La musica delle parole

C’è un’idea che mi accompagna da tempo, e che ogni tanto torna a farsi sentire con una certa insistenza, come fanno le cose importanti quando non le si vuole liquidare in fretta. Riguarda il rapporto tra musica e parola, e nasce da un dato che, a ben vedere, ha qualcosa di sorprendente.
Uno studioso come Jeremy Montagu sostiene che la musica preceda la parola, e cioè che gli ominidi, prima ancora di organizzare un linguaggio articolato, fossero già in grado di produrre suoni modulati, dotati di intonazione. In altre parole, prima di parlare, l’essere umano ha cantato.
Se ci si pensa senza fretta, la cosa non appare così strana. La musica e la parola, infatti, non sono due mondi separati, ma due forme che si rincorrono, si sfiorano, e spesso si trasformano l’una nell’altra. La parola, quando è viva, porta sempre con sé una traccia musicale. E la musica, quando è autentica, dice qualcosa che somiglia molto a un discorso, anche se non passa dalle parole.
Nella stanza dell’ascolto questo è evidente. Quando una persona parla, non porta soltanto contenuti, ma porta un ritmo, un’intonazione, una cadenza che la precedono e la accompagnano. C’è chi parla in modo spezzato, come se ogni frase dovesse attraversare un ostacolo, chi scivola via veloce, quasi temesse di fermarsi, chi indugia, ripete, torna indietro, come se cercasse una nota che non trova.
Se si ascolta davvero, ci si accorge che ogni racconto ha una sua musica. Alcune narrazioni hanno un andamento regolare e respirabile, altre sono tese, contratte, come se non ci fosse spazio per una pausa; altre ancora oscillano, e in quell’oscillazione rivelano qualcosa che le parole, da sole, non riescono a dire.
Per questo, nel lavoro analitico, non basta capire “che cosa” viene detto, ma occorre anche ascoltare “come” viene detto. Dove il tono si incrina, dove accelera, dove si spegne. È lì che spesso si trova il punto vivo dell’esperienza.

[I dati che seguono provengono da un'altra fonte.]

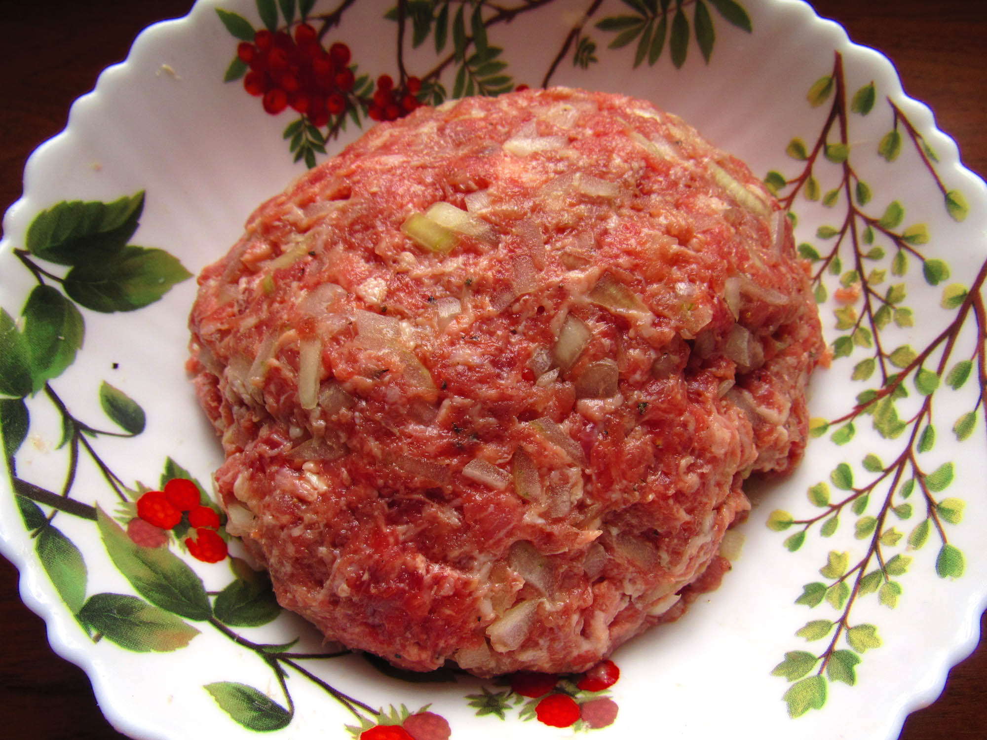 2. Добавляем лук в предварительно охлажденный фарш, солим, перчим.

Mi capita allora di pensare che il lavoro che si fa insieme, seduta dopo seduta, assomigli molto a una composizione. Non nel senso estetico del termine, ma in quello più concreto e faticoso del trovare un ritmo comune. Si prova, si sbaglia, si riprende. Si torna sugli stessi temi, che però, ogni volta, suonano in modo leggermente diverso e, come accade nella musica, non esiste un effetto garantito. Il musicista non può sapere che cosa accadrà nell’ascoltatore: offre una forma, ma il significato si compie nell’incontro con chi ascolta. Allo stesso modo, ciò che prende forma tra analista e paziente non appartiene mai a uno solo dei due, ma è un lavoro condiviso, che richiede tempo, fiducia e una certa disponibilità a restare dentro ciò che non è ancora chiaro.
Quando questo accade, quando cioè si crea una condizione sufficientemente sicura, allora qualcosa si muove e non necessariamente in modo eclatante. Piuttosto in modo sottile, come un passaggio da una tonalità a un’altra. Chi ha un minimo di esperienza sa che questi passaggi, proprio perché non fanno rumore, sono spesso i più decisivi.
Resta, a margine, una considerazione semplice, che però continuo a trovare non banale: se la musica ha preceduto la parola, allora forse la comprensione non nasce soltanto da ciò che si dice, ma anche da come si ascolta. Imparare ad ascoltare, in fondo, significa anche imparare a tollerare ciò che non è immediatamente traducibile.
Per questo motivo, ogni tanto, vale la pena lasciare che sia la musica a fare il suo lavoro, senza chiederle spiegazioni. Un brano come “A Heavy Heart” di Anthony Greninger, ad esempio, non chiarisce, non spiega, ma accompagna. E, in certi momenti, accompagnare è già molto.
Chi lavora con le parole lo sa, anche se non sempre lo dice: quando le parole trovano il loro ritmo, smettono di essere soltanto parole. Diventano qualcosa che assomiglia, molto da vicino, alla musica.